* _Your task_
Only the text of the records, copied exactly, is wanted; no pictures.

* _Data listing_
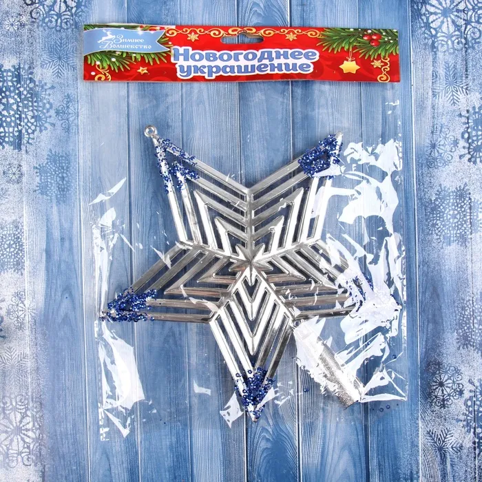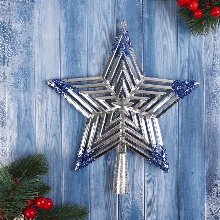Звезда на ёлку (верхушка) "Звезда полоска объём" 23х20,5 см, серебристо-синий — Характеристики
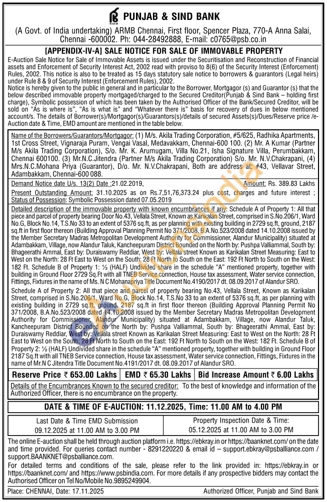 Schedule A of Property 2: All that piece and parcel of property bearing No.43, Vellala Street, Known as Karikalan Street, comprised in S.No.206/1, Ward No.G, Block No.14, T.S.No 33 to an extent of 5376 sq.ft, as per planning with existing building in 2729 sq.ft, ground, 2187 sq.ft in first floor thereon (Building Approval Planning Permit No 371/2008, Β.Α.Νο.523/2008 dated 14.10.2008 issued by the Member Secretary Madras Metropolitan Development Authority for Commissioner, Alandur Municipality) situated at Adambakkam, Village, now Alandur Taluk, Kancheepuram District Bounded on the North by: Pushpa Valliammal, South by: Bhageerathi Ammal, East by: Duraiswamy Reddiar, West by: Vellala street Known as Karikalan Street Measuring: East to West on the North: 28 Ft East to West on the South: 28 Ft North to South on the East: 192 Ft North to South on the West: 182 Ft. Schedule B of Property 2:% (HALF) Undivided share in the schedule "A" mentioned property, together with building in Ground Floor 2187 Sq.ft with all TNEB Service connection, House tax assessment, Water service connection, Fittings, Fixtures in the name of Mr.N C Jitendra Title Document No.4191/2017 dt. 08.09.2017 of Alandur SRO
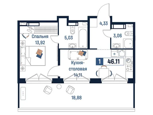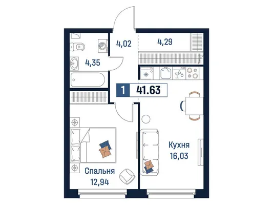 1-комн. от 41,11 до 42,97 м² от 7,70 млн до 9,24 млн ₽
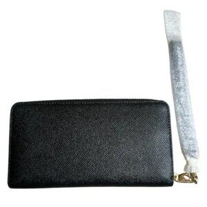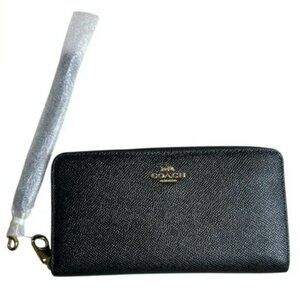 retails$298 Nwt COACH black Long Zip Around Wallet w/ detachable wrist strap & Gold Tone Hardware All still has packaging inside & outside
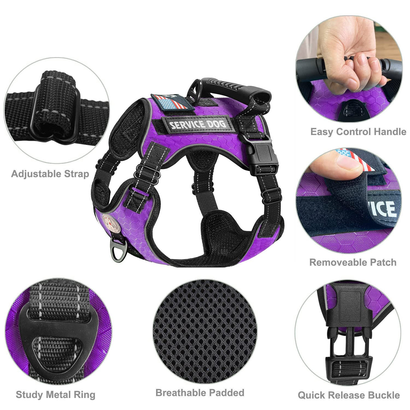 Cymiler Service Dog Vest Advantage: This harness for service dogs come with 1 dog leash,2 poop bag holder and 1 folding dog bowl,will meet all your needs. Service dog harness features reflective straps and patches for night time visibility, and a rubber handle on the top of the vest is thick and sturdy. It is very useful to help train and guide. High-performance engineering plastic buckles help you solve this concern. You may have experienced the dog 's escape from your control because of the rupture of the buckle. Fully adjustable straps at the chest and neck, which allows a customized fits for your dogs growth do not need to always change it. The sturdy metal D-ring on front and back range escape your dog from pulling. Pulling pressure is evenly distributed to the body to reduce pulling and choking. One pattern cloth label highlights patriotism, service dog patches can replace other types of labels to tell others your dog 's working status. Service dog vest come with a 5ft nylon dog leash that made of strong 1/2-inch diameter rock climbing rope with soft padded handle. Perfect dog harness and leash set help for walking and training. No pull service dog harness recommend for Labrador, Husky, Boxer, German shepherd, Golden retriever, Border collie, American pit bull terrier,Bulldog and etc. How to Choose a Correct Size for Your Pet Dogs: Choose a right size of harness is essential for comfort and reliability. Before selecting the right size, please measure the girth both of chest and neck. Neck Measurement-Wrap measuring tape around the base of neck/top of shoulders. Chest Measurement-Wrap measuring tape around the deepest part of dog 's rib cage behind the front legs. Package Included: 1 X Service Dog Harness 1 X 5 Foot Dog Leash 1 X Collapsible Dog Bowl 1 X Dog Paw Patch 2 X Service Dog Patches 2 X Poop Bag Holder
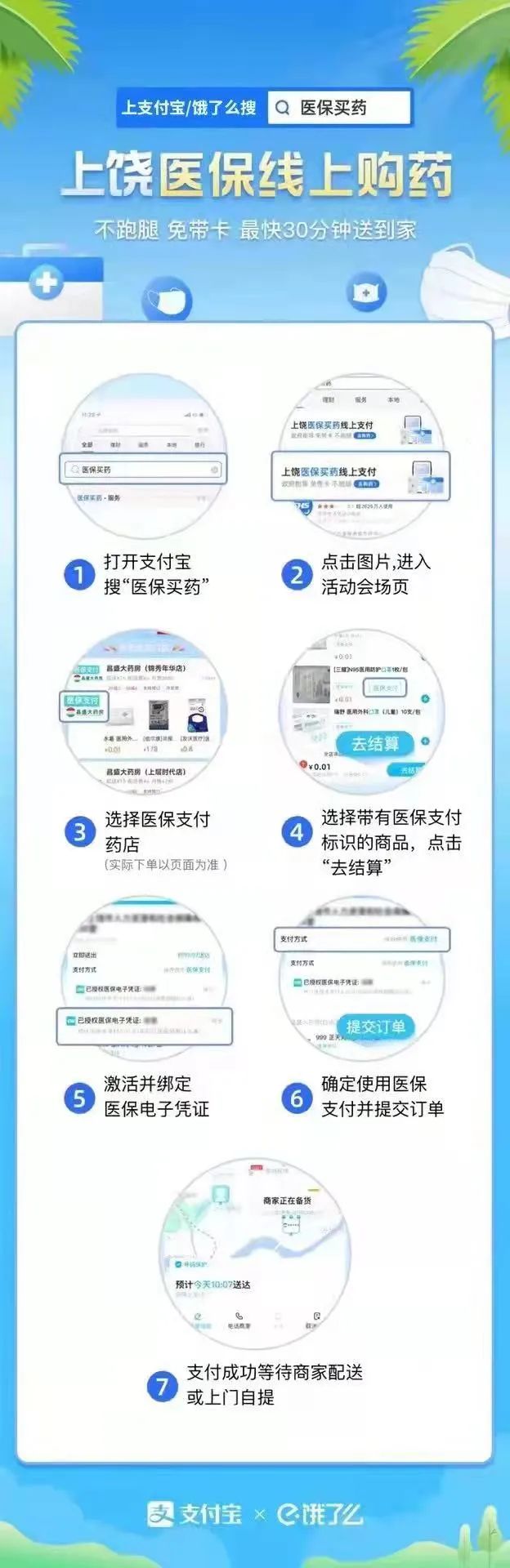即日起,上饶市民可以通过支付宝、饿了么、赣服通搜“医保买药”,选择有“医保支付”标识的品种或药店下单,在线医保支付,由饿了么提供即配服务最快30分钟送达。

* _Response area_
Звезда на ёлку (верхушка) "Звезда полоска объём" 23х20,5 см, серебристо-синий — Характеристики
 Schedule A of Property 2: All that piece and parcel of property bearing No.43, Vellala Street, Known as Karikalan Street, comprised in S.No.206/1, Ward No.G, Block No.14, T.S.No 33 to an extent of 5376 sq.ft, as per planning with existing building in 2729 sq.ft, ground, 2187 sq.ft in first floor thereon (Building Approval Planning Permit No 371/2008, Β.Α.Νο.523/2008 dated 14.10.2008 issued by the Member Secretary Madras Metropolitan Development Authority for Commissioner, Alandur Municipality) situated at Adambakkam, Village, now Alandur Taluk, Kancheepuram District Bounded on the North by: Pushpa Valliammal, South by: Bhageerathi Ammal, East by: Duraiswamy Reddiar, West by: Vellala street Known as Karikalan Street Measuring: East to West on the North: 28 Ft East to West on the South: 28 Ft North to South on the East: 192 Ft North to South on the West: 182 Ft. Schedule B of Property 2:% (HALF) Undivided share in the schedule "A" mentioned property, together with building in Ground Floor 2187 Sq.ft with all TNEB Service connection, House tax assessment, Water service connection, Fittings, Fixtures in the name of Mr.N C Jitendra Title Document No.4191/2017 dt. 08.09.2017 of Alandur SRO
 1-комн. от 41,11 до 42,97 м² от 7,70 млн до 9,24 млн ₽
 retails$298 Nwt COACH black Long Zip Around Wallet w/ detachable wrist strap & Gold Tone Hardware All still has packaging inside & outside
 Cymiler Service Dog Vest Advantage: This harness for service dogs come with 1 dog leash,2 poop bag holder and 1 folding dog bowl,will meet all your needs. Service dog harness features reflective straps and patches for night time visibility, and a rubber handle on the top of the vest is thick and sturdy. It is very useful to help train and guide. High-performance engineering plastic buckles help you solve this concern. You may have experienced the dog 's escape from your control because of the rupture of the buckle. Fully adjustable straps at the chest and neck, which allows a customized fits for your dogs growth do not need to always change it. The sturdy metal D-ring on front and back range escape your dog from pulling. Pulling pressure is evenly distributed to the body to reduce pulling and choking. One pattern cloth label highlights patriotism, service dog patches can replace other types of labels to tell others your dog 's working status. Service dog vest come with a 5ft nylon dog leash that made of strong 1/2-inch diameter rock climbing rope with soft padded handle. Perfect dog harness and leash set help for walking and training. No pull service dog harness recommend for Labrador, Husky, Boxer, German shepherd, Golden retriever, Border collie, American pit bull terrier,Bulldog and etc. How to Choose a Correct Size for Your Pet Dogs: Choose a right size of harness is essential for comfort and reliability. Before selecting the right size, please measure the girth both of chest and neck. Neck Measurement-Wrap measuring tape around the base of neck/top of shoulders. Chest Measurement-Wrap measuring tape around the deepest part of dog 's rib cage behind the front legs. Package Included: 1 X Service Dog Harness 1 X 5 Foot Dog Leash 1 X Collapsible Dog Bowl 1 X Dog Paw Patch 2 X Service Dog Patches 2 X Poop Bag Holder
即日起,上饶市民可以通过支付宝、饿了么、赣服通搜“医保买药”,选择有“医保支付”标识的品种或药店下单,在线医保支付,由饿了么提供即配服务最快30分钟送达。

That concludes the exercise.